Hark, my buskin tread

   Acting, as any non-actor who has watched television and film knows, is a piece of cake. I took to the boards many years ago in Cork, Ireland. I hadn't planned it, the limelight shone my way when a production of Joe Orton's 'Loot' was due to open in the Everyman Theatre on the Monday and the actor playing the small role of P. C. Meadows fell ill the Saturday before. News of his stricken police constable reached the director in the local theatre bar and in desperation he looked around for a tall man with an English accent who could serve as a replacement. I had moved to Cork some weeks previously, had found work as a stagehand, and was present the fateful evening when the director cast an anxious eye over the revellers. Being tall, and the only Englishman there, I was offered the job. It never occurred to me I couldn't do it; my degree of self-belief was as high as anyone else's in the bar at the time (11.45 pm).
   The bobby's helmet* transformed me from tall to towering. I had to crouch in order pass under the door lintel when entering the living room in which the play was set (I couldn't take off my headgear – it was part of my character, you see). I would erupt upon the action, straightening up to what seemed like double the height of the rest of the cast. It could be argued I had an immense stage presence.

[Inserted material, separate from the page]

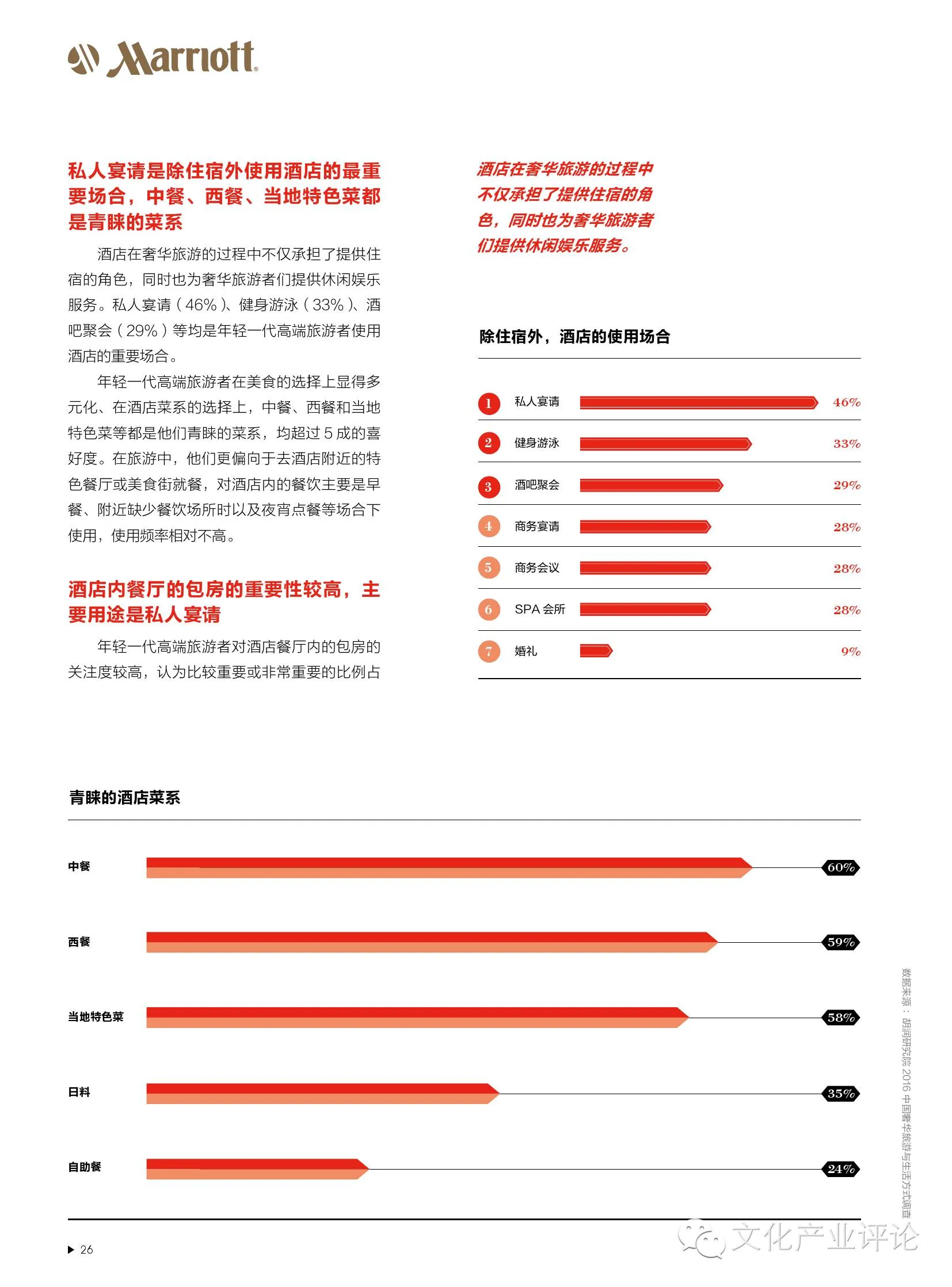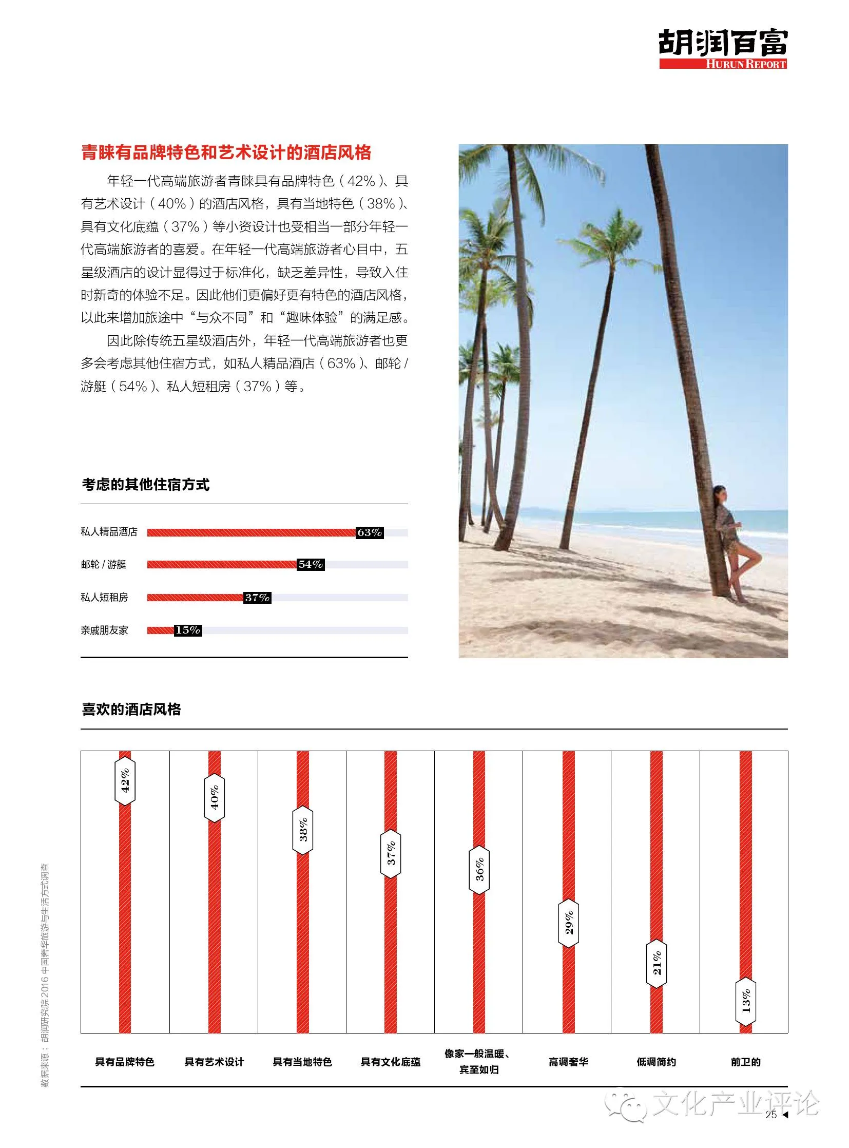 5.酒店:丽思卡尔顿是年轻一代高端旅游者最青睐的豪华酒店,且会员好评率最高。希尔顿是年轻一代高端旅游者最青睐的高端酒店,会员使用比例最高。房间干净是选择酒店时最主要考虑因素,其次是酒店服务人性化。喜欢管家式和电子化互动式服务,青睐高科技数字化设备。青睐有品牌特色和艺术设计的酒店风格。平均每晚预算3000元。

   As P. C. Meadows, I arrested a man and kissed a lady upon the hand. Meadows seemed quite a gallant chap, or perhaps he acted in a gallant manner for unwholesome reasons, I'm really not sure – as you've probably gathered I wasn't a method actor, I was old-school, what mental preparation there was came in the form of Murphy's stout. As the performances went by more and more mental preparation took place making it ever more arbitrary as to who would be kissed and who would be arrested.

   A further complication was that once on stage I found myself unable to speak normally - and it wasn't the result of too much mental preparation, in fact the more mental preparation taken the less pronounced, as it were, the problem. When playing P. C. Meadows the vowels that didn't disappear altogether became distorted beyond recognition, thus rendering “This woman accosted me, sir, she insisted that I accompany her to the Catholic church” as “Ths wmn accstd meuseur, shinsistd tht Iaccmpny hurto thcuthlic chuch” followed by a pause while the actor whose line was next tried to ascertain whether I had finished – no easy task especially as sometimes, if I felt the line hadn't come across clearly enough, I'd give it another shot.

   Besides kissing and/or arresting I had nothing much else to do between lines and so would take the opportunity to peer around the auditorium. I noticed that the audience, after the desertion of the fickle, was composed of the same few people who would turn up each night. It was heartening to see such devotion to the arts.